[Required work]
Below are records; the lines starting at the one with "图1(a)无缺陷的理想固态电" and ending at the one with "碧莲峰宛如一朵含苞欲放的莲花,山旁是居民区; 另一侧往漓江下游看,隐约可见几栋房屋, 就是东街和《印象·刘三姐》的所在地。" must be reproduced exactly, both included. Pictures must not appear.

[Dataset content]
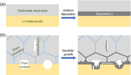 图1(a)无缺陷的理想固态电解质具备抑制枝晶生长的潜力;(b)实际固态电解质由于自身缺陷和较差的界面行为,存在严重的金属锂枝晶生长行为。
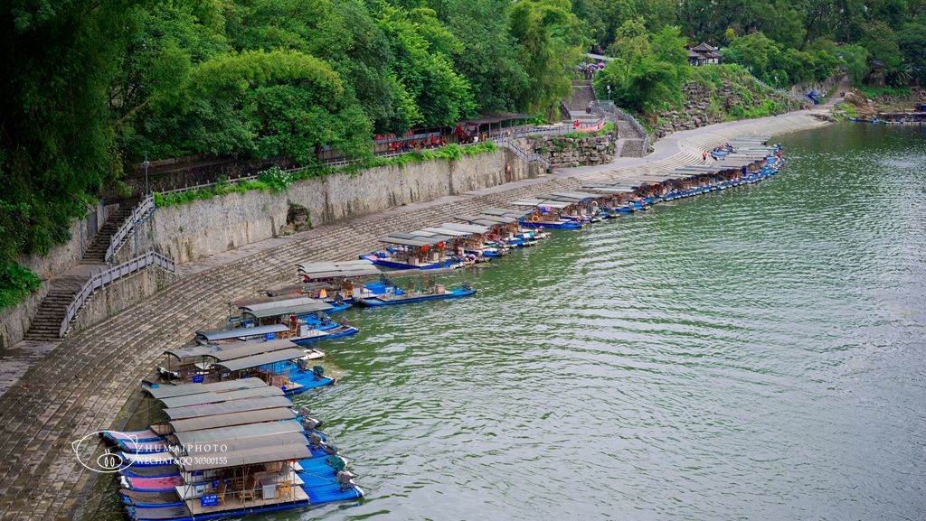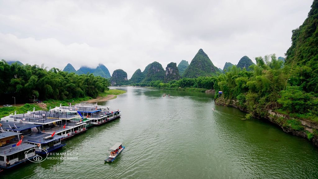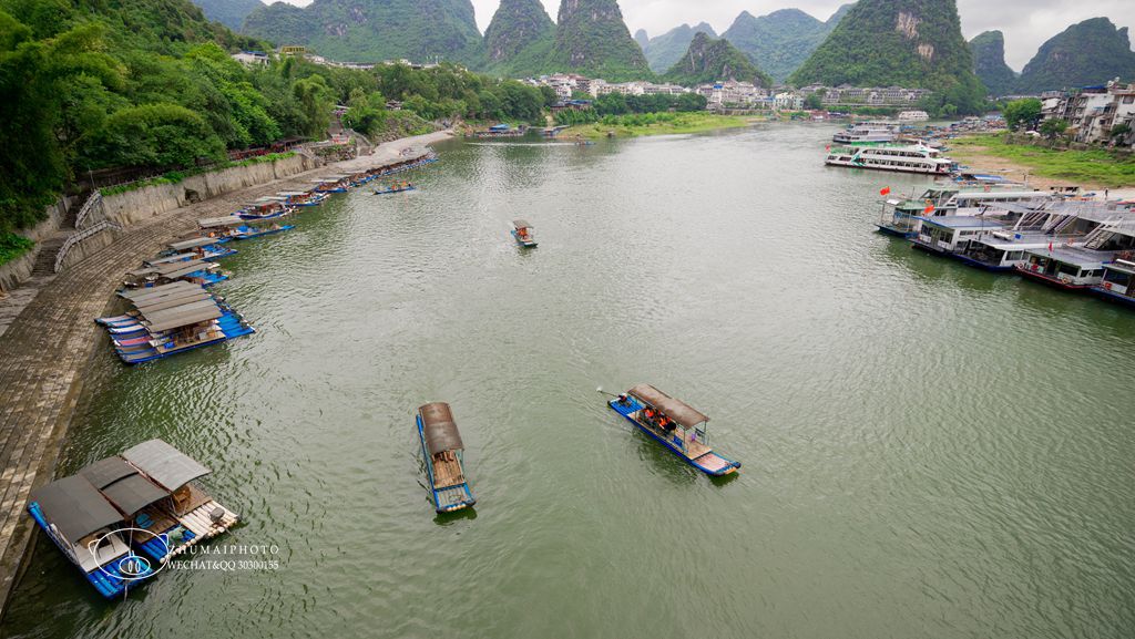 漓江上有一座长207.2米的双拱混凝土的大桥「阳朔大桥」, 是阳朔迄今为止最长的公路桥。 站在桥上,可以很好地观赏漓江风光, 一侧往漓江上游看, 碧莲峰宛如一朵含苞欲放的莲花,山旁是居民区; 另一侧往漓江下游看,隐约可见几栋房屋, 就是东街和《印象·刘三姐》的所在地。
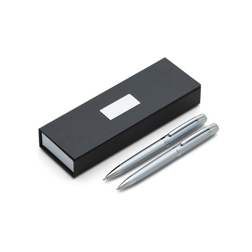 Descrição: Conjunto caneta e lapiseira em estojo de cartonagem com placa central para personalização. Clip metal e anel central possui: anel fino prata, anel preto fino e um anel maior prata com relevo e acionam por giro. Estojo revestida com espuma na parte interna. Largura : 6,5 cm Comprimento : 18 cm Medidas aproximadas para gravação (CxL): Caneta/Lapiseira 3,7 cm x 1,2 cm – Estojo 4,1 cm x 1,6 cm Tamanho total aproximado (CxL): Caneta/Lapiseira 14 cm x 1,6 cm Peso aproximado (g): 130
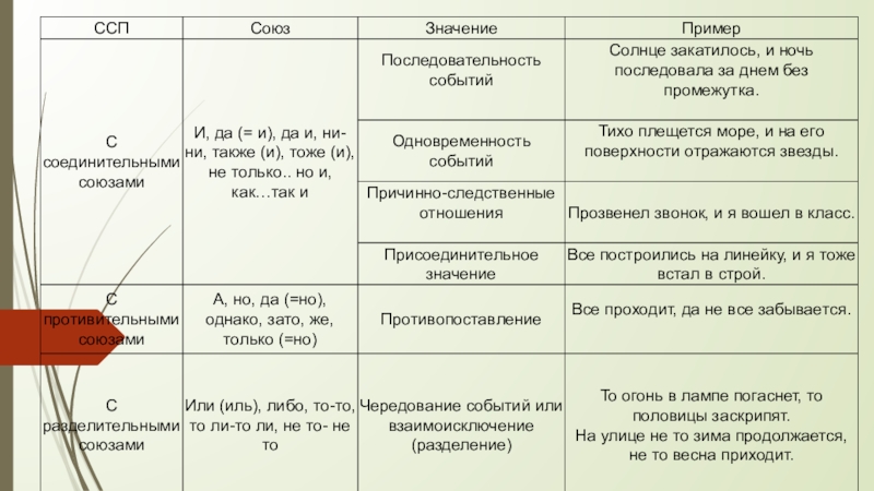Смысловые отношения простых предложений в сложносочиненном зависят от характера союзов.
--
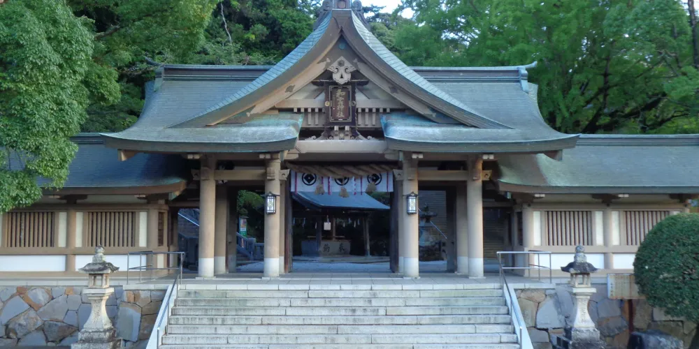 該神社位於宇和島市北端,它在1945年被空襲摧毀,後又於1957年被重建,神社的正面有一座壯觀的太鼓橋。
--
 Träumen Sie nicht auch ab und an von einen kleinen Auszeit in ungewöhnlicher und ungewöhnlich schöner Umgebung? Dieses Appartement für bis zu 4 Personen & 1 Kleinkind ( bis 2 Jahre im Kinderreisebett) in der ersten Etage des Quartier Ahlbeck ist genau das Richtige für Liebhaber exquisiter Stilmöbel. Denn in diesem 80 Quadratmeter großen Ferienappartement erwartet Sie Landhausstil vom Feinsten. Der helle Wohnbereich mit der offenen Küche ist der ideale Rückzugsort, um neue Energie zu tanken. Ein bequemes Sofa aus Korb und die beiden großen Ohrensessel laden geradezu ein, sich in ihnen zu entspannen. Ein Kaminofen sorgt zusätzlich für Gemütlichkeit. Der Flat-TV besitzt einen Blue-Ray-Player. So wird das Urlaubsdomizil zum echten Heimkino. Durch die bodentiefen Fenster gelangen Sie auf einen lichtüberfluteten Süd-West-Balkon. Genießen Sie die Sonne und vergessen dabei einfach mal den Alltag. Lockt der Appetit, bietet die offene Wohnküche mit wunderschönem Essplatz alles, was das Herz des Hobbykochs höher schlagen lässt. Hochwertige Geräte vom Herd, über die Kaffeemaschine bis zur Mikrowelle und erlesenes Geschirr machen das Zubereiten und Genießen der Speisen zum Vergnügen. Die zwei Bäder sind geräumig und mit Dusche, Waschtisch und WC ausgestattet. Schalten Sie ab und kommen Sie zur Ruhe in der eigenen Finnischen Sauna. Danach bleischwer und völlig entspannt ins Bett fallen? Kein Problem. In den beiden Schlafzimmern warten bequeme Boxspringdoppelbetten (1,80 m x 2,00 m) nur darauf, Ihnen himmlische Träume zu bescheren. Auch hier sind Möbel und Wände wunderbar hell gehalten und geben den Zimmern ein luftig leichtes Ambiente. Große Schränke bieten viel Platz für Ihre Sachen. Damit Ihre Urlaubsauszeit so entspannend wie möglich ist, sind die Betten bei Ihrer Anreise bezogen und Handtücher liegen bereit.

[Expected answer]
 图1(a)无缺陷的理想固态电解质具备抑制枝晶生长的潜力;(b)实际固态电解质由于自身缺陷和较差的界面行为,存在严重的金属锂枝晶生长行为。
 漓江上有一座长207.2米的双拱混凝土的大桥「阳朔大桥」, 是阳朔迄今为止最长的公路桥。 站在桥上,可以很好地观赏漓江风光, 一侧往漓江上游看, 碧莲峰宛如一朵含苞欲放的莲花,山旁是居民区; 另一侧往漓江下游看,隐约可见几栋房屋, 就是东街和《印象·刘三姐》的所在地。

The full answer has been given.